If you want to jump head first into the very deep end of the pool, you might hunt down the tblu (table lookup) instruction documentation and figure out how to get Ghidra to support them. If you can figure that out, you're ready for anything. :)
Opening the .bin file for dissassembly
This section has not yet been written.
Bootstrapping the process with information from an XDF
If you're working with an operating system that already has an XDF, that will give you a big head start. I've written a script that will convert an XDF into a script that can be loaded into IDA, and it will label the memory addresses for all of the parametes and tables in the XDF. Another script will label the addresses of the functions that handle OBD2 PID requests. You can find both scripts here: https://github.com/LegacyNsfw/12593358
We need Ghidra versions of those scripts. Hopefully we'll have them around the time Ghidra supports those missing instructions.
So you'll start with a disassembled operating system where a bunch of data addresses are labeled, and a little bit of code is labeled. Then you have to figured out what the rest of the code is doing, so that you can find the data that it uses, figure out what that data is for, and then put the addresses of the data into an XDF, with a useful name and description. The information in the existing XDFs provides a big head start. For example if you want to investigate the fueling code, you can start by finding the fueling table, then ask IDA/Ghidra to find the code that uses that table, and in that code you'll see references to related tables and constants from the XDF, so that's where you start your investigation.

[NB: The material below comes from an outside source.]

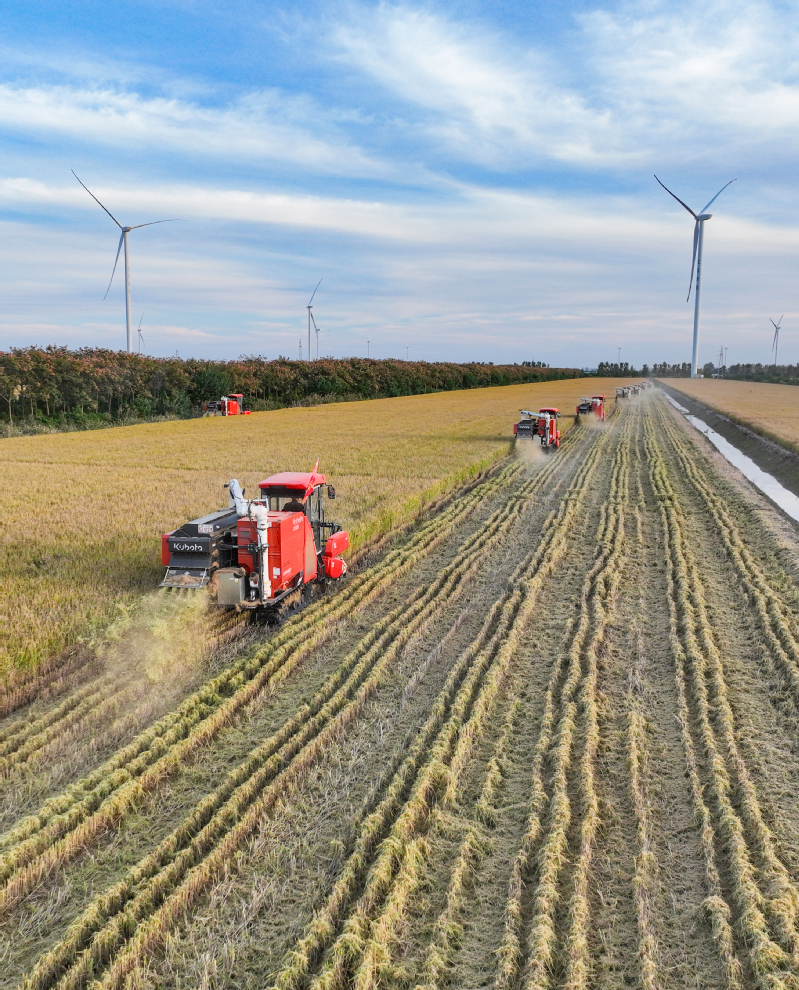 11月3日,江蘇省鹽城市射陽縣新洋農場組織收割機械,對高標準農田中的優質水稻進行搶收作業,確保秋糧顆粒歸倉,不誤農時。 作者:張偉生

Can you do this? Yes, you can.
If you have experience writing software, you can pick this up pretty quickly. If you don't, this is something where learning-by-doing works just fine. Some of the folks who have made huge contributions to Subaru reverse engineering don't work in the software industry - they just got curious, got motivated, and got busy. Mostly this just takes perseverance.
What information will you need?
The assembly language instruction set used in our PCMs is called CPU32, and 99% of CPU32 is just the Motorola 68000 (aka 68k) instruction set, and you can find tons of reference material for 68k online, in PDF and/or web pages because it was widely used in the 1990s - early Macs, the Sega Genesis game console, Commodore Amiga, etc. The CPU32 extensions are also out there, at least in PDF form. You can also buy it in book form, though I'm not sure that was a great investment as I tend to just use web pages most of the time.